Dataset items:
--- START ---
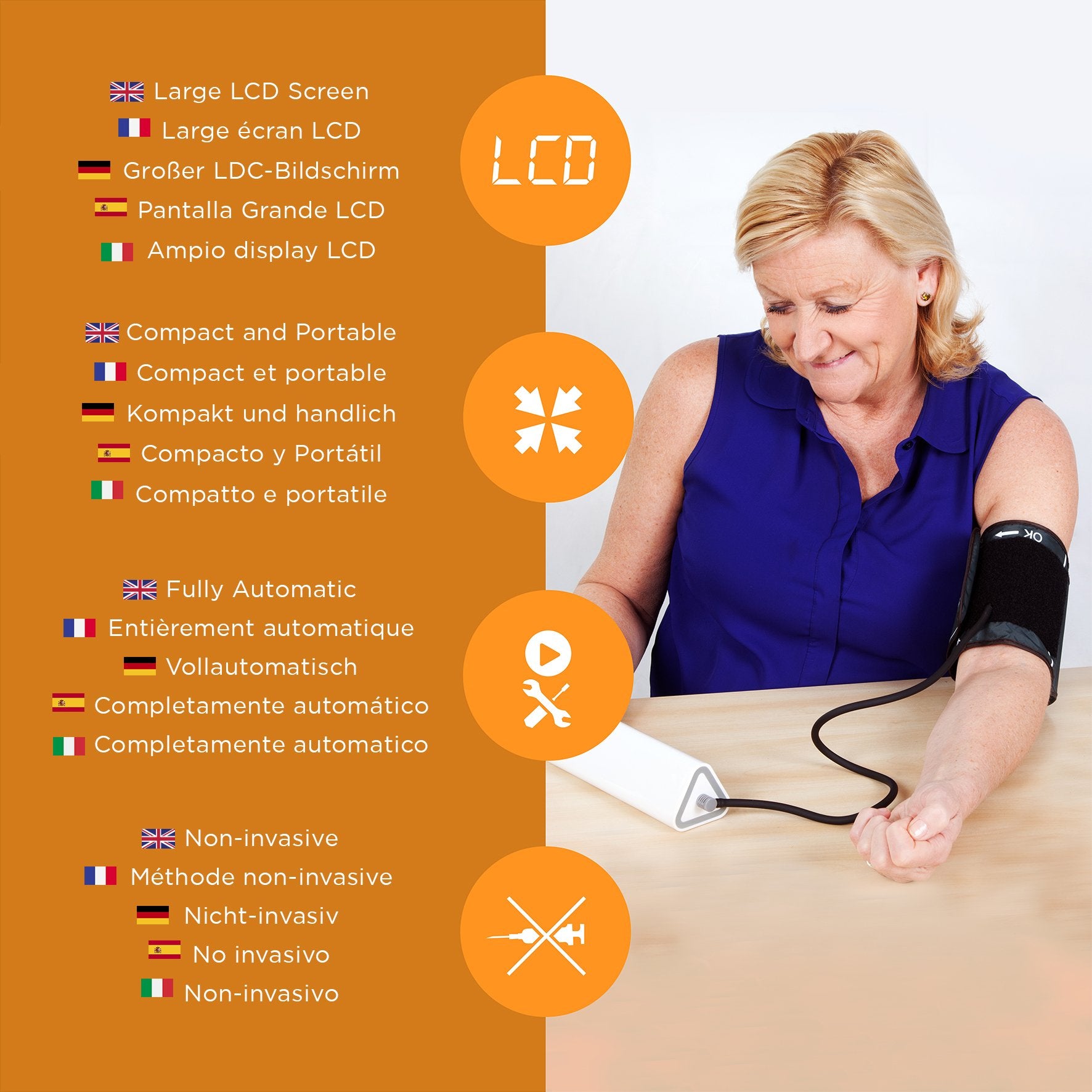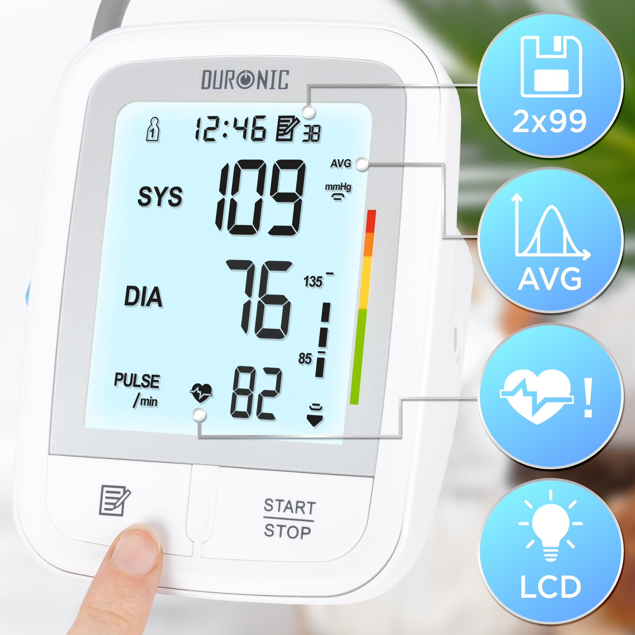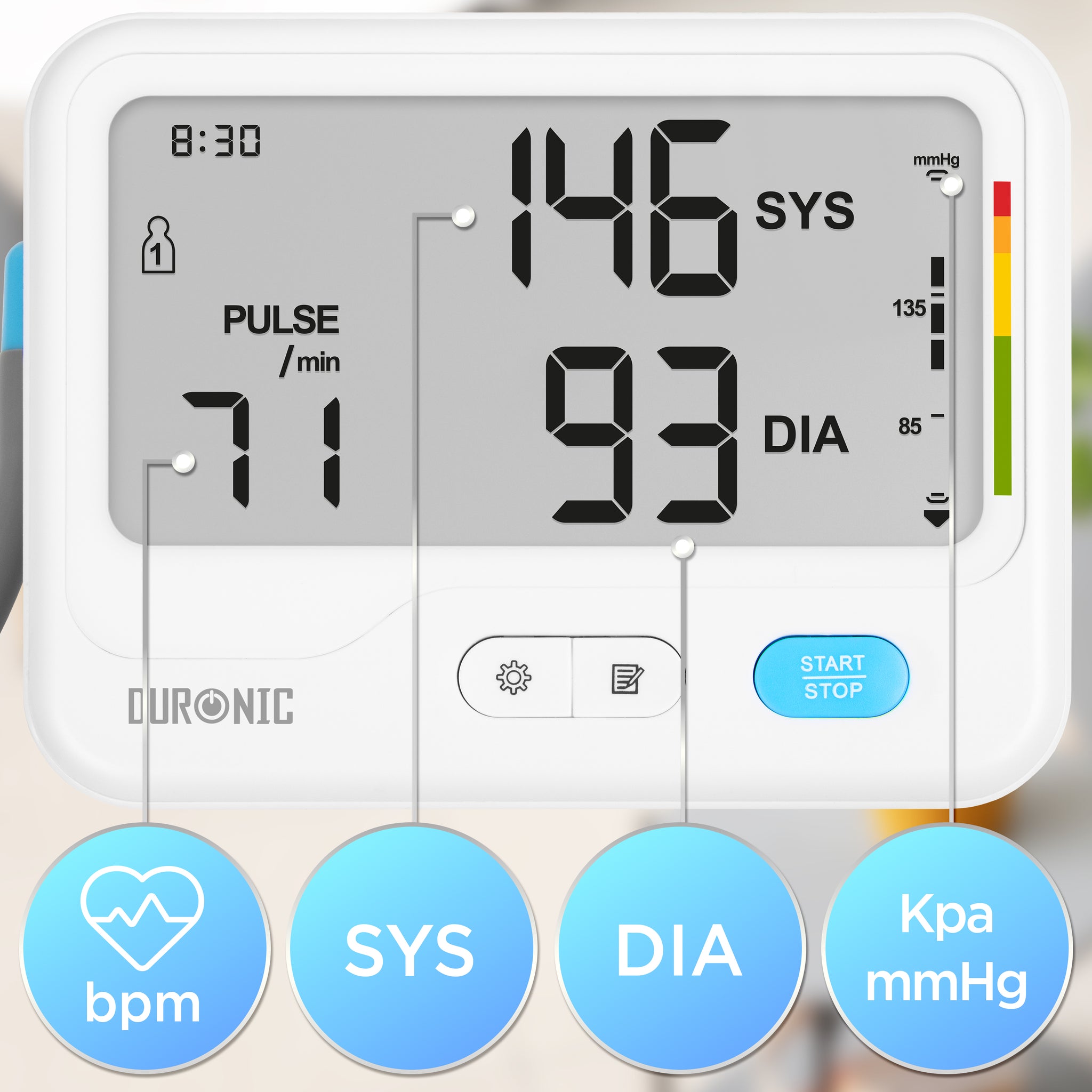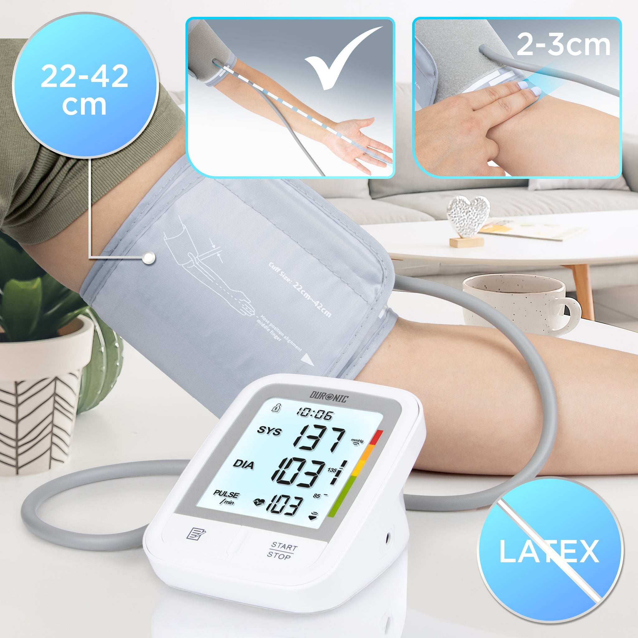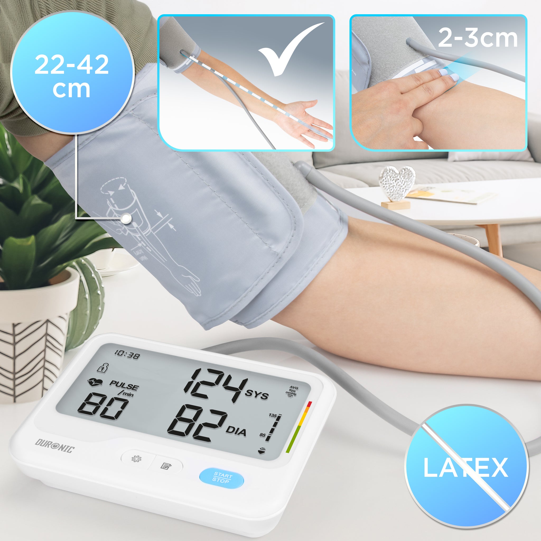 Duronic BPM65 Blutdruckmessgerät, Blutdruck messen für Bluthochdruck, Messgerät mit großem Display, Oberarm Blutdruckmessgerät mit Manschette
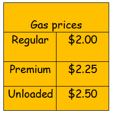 (19) The prices in the table given below show the different types of gas offered at a gas station and the prices of gas per gallon. If Emily has $50, what is the least amount of gas, in gallons, she can purchase subtracted from the greatest amount of gas, in gallons, she can purchase ?
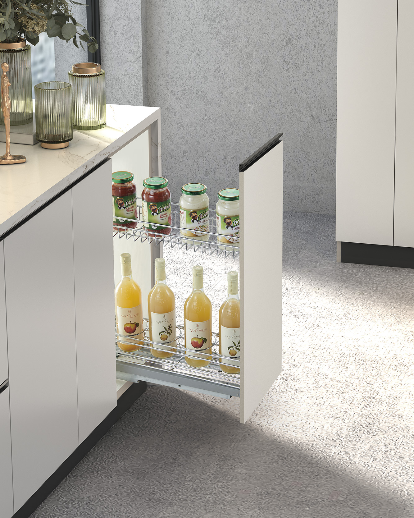 A practical add-on for custom kitchen programs where maximizing storage in narrow cabinet gaps is required.
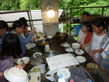 冒険の森が終わってすぐに晩ご飯のカレー作りです。疲れも見せず、みんな頑張りました。かまど係りは、山の家の先生に「杉の葉を使うと着火しやすい。」と教えてもらって一生懸命に集めていました。その通り、上手に火が付きおいしいカレーができあがりました。ご飯も最高においしかったです。後片付けも上手で山の家の先生に「ピカピカに磨けてすばらしい!」とほめていただきました。嬉しかったです。入浴も終わり、これからおうちの方への手紙を書きます。お楽しみに!
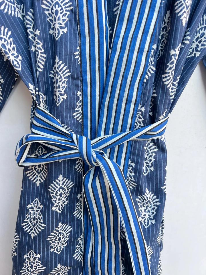 Robe de chambre kimono en coton, imprimé en bloc, robe de demoiselle d'honneur, vêtements de nuit d'été, taille plus, unisexe, col en V, longueur genou, robe de bain bohème
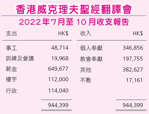 ‧ 香港威克理夫聖經翻譯會收取捐款5%作為行政費,另工場及威克理夫國際聯會共收取捐款5%作為行政費。
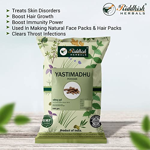 Riddhish Herbals Yastimadhu Powder (Licorice) / Mulethi/Jethimadh - Pack of 5 (Each 100g) - Traditional Ayurvedic Herb - Herbal Powder Supplement for Daily Wellness
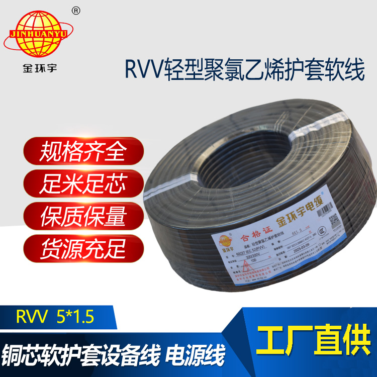 金環宇電纜 RVV5X1.5平方 深圳rvv電纜廠家 軟護套電源線
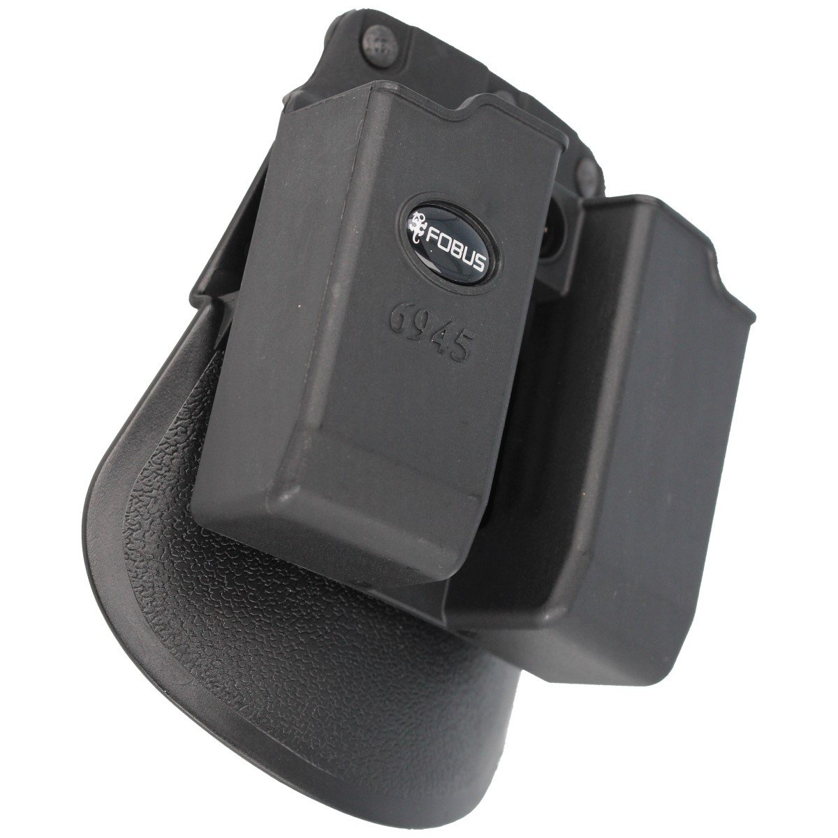 6945 (Paddle), ładownica typu otwartego firmy Fobus na dwa dwurzędowe magazynki pistoletowe w kalibrze .45 do pistoletu typu S&W, Springfield, H&K, Walther, FN, nie pasuje do pistoletu Glock. Uchwyt wykonano metodą wtryskową z odpornego na zarysowania, udar oraz ekstremalne temperatury tworzywa sztucznego o dużej gęstości.
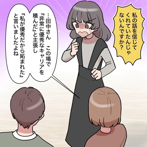 「私の話を信じてくれていたんじゃないんですか?」と健太に食って掛かる田中さんに、私は冷静に「・・田中さん、この場で『非常に優秀なキャリアを積んだ』と主張し、『私が優秀だから妬まれた』と言いましたよね」と先ほどの田中さんの言葉を繰り返し、
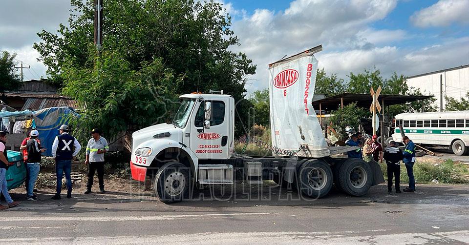 Chofer de camión intentó ganarle al tren en Reynosa y carga terminó regada
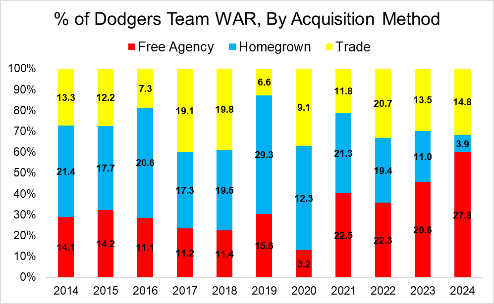 Check out the change in the relative heights of the blue (homegrown) and red (free agent) bars, in particular. Until recently, the Dodgers’ homegrown players usually outproduced their free agents or at least held their own. This year, they didn’t come close. The 2020 team (which was among the more homegrown-centric contenders that year) got way more WAR from homegrown guys in 60 games than this year’s group (the least homegrown team in the 2024 tournament) did in a full-length season. The only homegrown players who made contributions in Game 5 were Buehler (an impending free agent), Gavin Lux (the no. 9 hitter), and Will Smith (who signed a sizable extension of his own this spring). The Dodgers’ track record of adept drafting and development has helped them afford and seduce superstar talent—Juan Soto, Roki Sasaki, or Corbin Burnes could be next—but it’s no longer paying huge direct dividends.
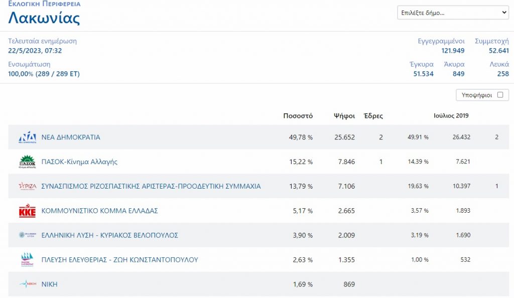 Στη Λακωνία, η ΝΔ έλαβε 49,78% και το ΠΑΣΟΚ-ΚΙΝΑΛ 15,22%. Ο ΣΥΡΙΖΑ 13,79%
--- END ---
- **WHAT IS EXPECTED**:
No images belong in the copy. Transcribe every record exactly.

- **OUTPUT BELOW**:
 Duronic BPM65 Blutdruckmessgerät, Blutdruck messen für Bluthochdruck, Messgerät mit großem Display, Oberarm Blutdruckmessgerät mit Manschette
 (19) The prices in the table given below show the different types of gas offered at a gas station and the prices of gas per gallon. If Emily has $50, what is the least amount of gas, in gallons, she can purchase subtracted from the greatest amount of gas, in gallons, she can purchase ?
 A practical add-on for custom kitchen programs where maximizing storage in narrow cabinet gaps is required.
 冒険の森が終わってすぐに晩ご飯のカレー作りです。疲れも見せず、みんな頑張りました。かまど係りは、山の家の先生に「杉の葉を使うと着火しやすい。」と教えてもらって一生懸命に集めていました。その通り、上手に火が付きおいしいカレーができあがりました。ご飯も最高においしかったです。後片付けも上手で山の家の先生に「ピカピカに磨けてすばらしい!」とほめていただきました。嬉しかったです。入浴も終わり、これからおうちの方への手紙を書きます。お楽しみに!
 Robe de chambre kimono en coton, imprimé en bloc, robe de demoiselle d'honneur, vêtements de nuit d'été, taille plus, unisexe, col en V, longueur genou, robe de bain bohème
 ‧ 香港威克理夫聖經翻譯會收取捐款5%作為行政費,另工場及威克理夫國際聯會共收取捐款5%作為行政費。
 Riddhish Herbals Yastimadhu Powder (Licorice) / Mulethi/Jethimadh - Pack of 5 (Each 100g) - Traditional Ayurvedic Herb - Herbal Powder Supplement for Daily Wellness
 金環宇電纜 RVV5X1.5平方 深圳rvv電纜廠家 軟護套電源線
 6945 (Paddle), ładownica typu otwartego firmy Fobus na dwa dwurzędowe magazynki pistoletowe w kalibrze .45 do pistoletu typu S&W, Springfield, H&K, Walther, FN, nie pasuje do pistoletu Glock. Uchwyt wykonano metodą wtryskową z odpornego na zarysowania, udar oraz ekstremalne temperatury tworzywa sztucznego o dużej gęstości.
 「私の話を信じてくれていたんじゃないんですか?」と健太に食って掛かる田中さんに、私は冷静に「・・田中さん、この場で『非常に優秀なキャリアを積んだ』と主張し、『私が優秀だから妬まれた』と言いましたよね」と先ほどの田中さんの言葉を繰り返し、
 Chofer de camión intentó ganarle al tren en Reynosa y carga terminó regada
 Check out the change in the relative heights of the blue (homegrown) and red (free agent) bars, in particular. Until recently, the Dodgers’ homegrown players usually outproduced their free agents or at least held their own. This year, they didn’t come close. The 2020 team (which was among the more homegrown-centric contenders that year) got way more WAR from homegrown guys in 60 games than this year’s group (the least homegrown team in the 2024 tournament) did in a full-length season. The only homegrown players who made contributions in Game 5 were Buehler (an impending free agent), Gavin Lux (the no. 9 hitter), and Will Smith (who signed a sizable extension of his own this spring). The Dodgers’ track record of adept drafting and development has helped them afford and seduce superstar talent—Juan Soto, Roki Sasaki, or Corbin Burnes could be next—but it’s no longer paying huge direct dividends.
 Στη Λακωνία, η ΝΔ έλαβε 49,78% και το ΠΑΣΟΚ-ΚΙΝΑΛ 15,22%. Ο ΣΥΡΙΖΑ 13,79%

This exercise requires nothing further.